Ask HN: Do other fields have their own HN? - knite
======
Chloro
[http://www.lumberjacknews.com/](http://www.lumberjacknews.com/)

Looks like no

------
observation
Not in this exact form.

The majority of what HN is went under the name 'trade publications', these
have a community surrounding them.

Fine Homebuilding and Green Building Advisor are examples for tradespeople
that I frequent.

If they had a flexible forum, agolia search and native imugr it'd be a hugely
improved experience.

You should have the ability to load like a whip on a typical workstation from
10-15 years ago, your audience isn't there because of the tech or JS bullcrap.
That is one thing HN got 100% right.

------
lainon
[https://write.narwhal.space/](https://write.narwhal.space/)

------
galfarragem
No. However as HN grew, it became more generalist and reduced the need for
other HNs. I've acknowledged HN being read by architects, artists, fighter
pilots, map makers, lawyers, tradesmans and doctors.

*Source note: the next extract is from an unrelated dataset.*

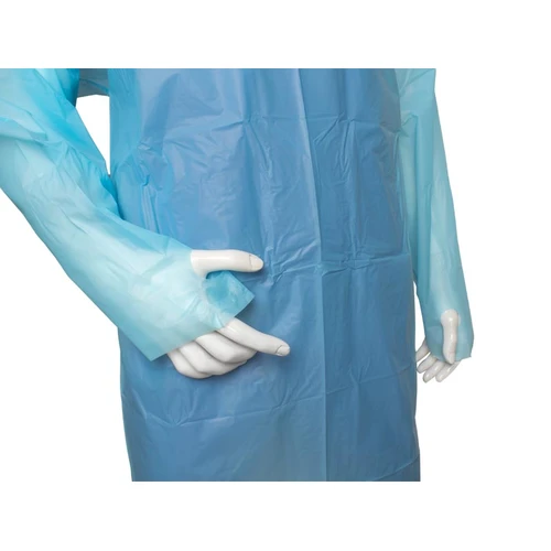 Pechera desechable manga larga, espalda abierta, en plástico PEVA impermeable de 27g/m2, muy liviana, lo que la hace respirable cuando se usa. Para uso quirúrgico, transporte e industrial. Proporciona protección de fluídos líquidos y gaseosos, polvo en suspensión, sustancias dañinas, virus y bacterias. Contiene protección para palma de mano, con orificio para dedo pulgar. Se recomienda usar encima de la ropa de vestir.

Every subject, exposed in a relevant way that adds value, has a place in HN.

------
fractallyte
For marketing and sales:
[https://growthhackers.com/posts](https://growthhackers.com/posts)

It's been up for a few years (and looks good!), but hasn't gained much
momentum. This is one of those segments that seems to lack a certain
_something_ , that causes a community to coalesce around a central interest.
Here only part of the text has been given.